My own view is that if any metaphysically significant notion of the temporal parts of persisting objects is to be constructed, then the proper analogy to make is not with items like the performance of the first scene of a play, but rather with the spatial parts of concrete things (whether these be persisting objects or events). And here I would point out that by a spatial part of, say, a chair, I do not mean something like one of its legs. Rather, I mean a spatially extended entity whose spatial boundaries are defined in relation to the chair: something such as the bottom three inches of one of its legs, or the left-hand half of its back as seen from the front. Clearly, concrete things can only have spatial parts thus conceived if the things in question are extended in space (this applies just as much to events as to persisting objects).

By the same token, then, concrete things can only have temporal parts, in the sense in which I want to speak of them, if those things are extended in time.147 By this account, a temporal part of a persisting object would be a temporally extended entity whose temporal boundaries are defined in relation to that object. (One minor refinement has to be made at this stage: just as we may, in principle, need to admit two-, one-, and zero-dimensional spatial parts of things in addition to three-dimensional ones, so too we may need to admit zero-dimensional temporal parts of things if we admit one-dimensional ones—but nothing crucial hinges upon this point, since what is important is that we must indeed be prepared to speak of temporally extended entities if we are to talk of temporal parts in any metaphysically significant sense.)

So, then, a temporal part of Napoleon, if such an entity exists, would be a temporally extended entity whose temporal boundaries are defined in relation to Napoleon—thus the boundaries of one such part might be fixed by the date of his birth and the date of his tenth birthday.

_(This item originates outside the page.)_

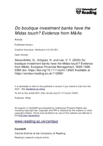 Alexandridis, G., Antypas, N. ORCID: https://orcid.org/0000-0001-8046-4590 and Lee, V. Y. (2024) Do boutique investment banks have the midas touch? Evidence from M&As. European Financial Management, 30 (1). pp. 634-672. ISSN 1468-036X doi: 10.1111/eufm.12425

One might try to refer to such an entity by some such complex noun phrase as ‘Napoleon up to the age of ten’. (This notion of temporal part is, I believe, quite distinct from the ‘ordered pair’ conception discussed earlier, because the latter conception involved no commitment to the existence of temporally extended entities of any sort. And this is not just because each such pair contained only a single time: for, in the first place, it was not implied that the time in question had to be momentary—the example I gave actually specified a day—and, secondly, no material difference would have been made if instead of ordered pairs we had talked of ordered triples,

147 Here, I believe, I may be in agreement with Robin Le Poidevin, even though he wants to say that things are extended in time whereas I want to deny this: see Le Poidevin, Change, Cause and Contradiction, 60 ff.

each containing two times, for there would still have been no commitment to the existence of temporally extended entities.) What emerges from all this, if I am correct, is that the perdurance versus endurance debate doesn't really hinge upon issues in mereology (the study of part–whole relations) as such, but rather upon the question of whether anything—and here I include not only persisting objects but also events and processes—is extended in time, in anything like the way in which things are extended in space. But this is at bottom a question about the nature of time, rather than a question about the nature of things existing in it. The question is whether we can properly talk about time as being some sort of dimension of reality, relevantly akin to the three dimensions of space. (A word of caution here: there is an abstract or purely formal notion of dimensionality used, for instance, to describe perceptible colours as differing from one another along the three independent ‘dimensions’ of hue, brightness, and saturation—but in what follows I am concerned with a much more robust notion of dimensionhood for which spatial length, breadth, and height constitute the paradigm, all of these providing independent ways in which concrete things can be extended.)